Previously it has been shown that pediatric SLE patients have a high prevalence of hypogammaglobulinemia [12]. However, we found that many of our SLE patients had significant hypogammaglobulinemia prior to rituximab therapy due to significant glomerular nephritis leading to proteinuria and hypoalbuminemia; therefore, these patients were excluded from this study. Although they were not included, it is important to note that their hypogammaglobulinemia worsened with rituximab therapy and some patients needed IgG replacement therapy. This finding is consistent with data from the use of rituximab in pediatric patients with Idiopathic Nephrotic Syndrome showed that rituximab prolonged the duration of preexisting low IgG levels [22].
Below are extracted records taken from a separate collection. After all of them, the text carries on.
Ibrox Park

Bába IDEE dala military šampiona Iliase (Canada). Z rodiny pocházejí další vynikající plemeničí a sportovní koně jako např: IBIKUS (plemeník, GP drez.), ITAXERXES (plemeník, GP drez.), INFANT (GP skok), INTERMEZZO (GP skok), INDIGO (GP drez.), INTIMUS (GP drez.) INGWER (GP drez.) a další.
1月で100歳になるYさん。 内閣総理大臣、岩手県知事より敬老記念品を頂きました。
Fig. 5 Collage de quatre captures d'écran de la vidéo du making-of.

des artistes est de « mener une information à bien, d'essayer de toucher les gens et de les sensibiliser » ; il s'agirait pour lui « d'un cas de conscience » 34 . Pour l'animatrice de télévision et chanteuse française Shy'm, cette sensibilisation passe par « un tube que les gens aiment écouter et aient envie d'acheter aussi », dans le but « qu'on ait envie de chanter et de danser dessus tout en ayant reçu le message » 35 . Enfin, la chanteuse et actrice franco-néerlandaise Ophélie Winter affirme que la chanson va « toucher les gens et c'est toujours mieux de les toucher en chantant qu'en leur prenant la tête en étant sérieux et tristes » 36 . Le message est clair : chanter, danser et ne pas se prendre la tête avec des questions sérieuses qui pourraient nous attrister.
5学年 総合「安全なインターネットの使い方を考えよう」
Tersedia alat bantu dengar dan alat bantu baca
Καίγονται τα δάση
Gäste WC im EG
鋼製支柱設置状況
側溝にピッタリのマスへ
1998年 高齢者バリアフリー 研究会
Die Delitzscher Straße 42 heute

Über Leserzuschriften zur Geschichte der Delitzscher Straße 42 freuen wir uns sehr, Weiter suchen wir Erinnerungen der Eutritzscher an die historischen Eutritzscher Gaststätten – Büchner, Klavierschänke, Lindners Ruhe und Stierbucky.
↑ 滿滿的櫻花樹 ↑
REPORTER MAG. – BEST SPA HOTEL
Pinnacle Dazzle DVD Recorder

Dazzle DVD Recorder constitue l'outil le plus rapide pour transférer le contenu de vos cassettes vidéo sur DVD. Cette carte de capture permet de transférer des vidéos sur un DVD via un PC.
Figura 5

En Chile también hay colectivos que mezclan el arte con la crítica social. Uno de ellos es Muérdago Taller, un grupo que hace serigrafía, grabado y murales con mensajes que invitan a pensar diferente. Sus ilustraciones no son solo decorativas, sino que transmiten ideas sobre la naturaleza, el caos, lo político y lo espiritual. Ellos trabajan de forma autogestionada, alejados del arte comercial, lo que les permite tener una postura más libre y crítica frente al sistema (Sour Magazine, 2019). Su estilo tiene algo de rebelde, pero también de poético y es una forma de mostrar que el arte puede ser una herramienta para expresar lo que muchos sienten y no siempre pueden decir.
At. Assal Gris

There were a few limitations to this study due to its retrospective nature. Selection bias is possible, which can lead to overestimation of the true prevalence of hypogammaglobulinemia because patients with recurrent or severe infections are more likely to be screened. We tried to minimize this bias by implementing a universal post-rituximab screening strategy in the Rheumatology division which is highlighted in the methods section. Due to the relatively small sample size of the study, the results may not be generalizable and future studies are needed to confirm the findings. Many of the patients in this study received steroids and other immunosuppressive therapy which could affect the immunoglobulin levels. However, this reflects the standard of care treatment of these patients and emphasized the need for routine IgG screening. Another limitation arises from using Lurie Children’s Hospital’s electronic medical record system to quantify the frequency of infection and antibiotic use. It is possible to miss infections if the patient sought health care elsewhere. However, all patients were advised to notify the rheumatology office if they had a fever or needed antibiotics. Lastly, because autoimmunity can be the only presenting manifestation of a monogenic Primary Immunodeficiency disorder, it is difficult to completely rule out this disorder even with normal immunology labs at baseline.

Conclusions

The prevalence of hypogammaglobulinemia in rituximab treated children with autoimmune disease seems to be higher than published data for adults, especially for children with autoimmune CNS disease. The onset of hypogammaglobulinemia is usually within six months of initiation of rituximab therapy, which can be associated with serious infections. We recommend: 1) obtaining an IgG level prior to starting rituximab, 2) close monitoring for hypogammaglobulinemia after the use of rituximab in pediatric patients, especially in the first six months of patients with autoimmune CNS disease or patients who are receiving cyclophosphamide therapy and 3) early institution of immunoglobulin replacement therapy if patients develop recurrent or severe infections.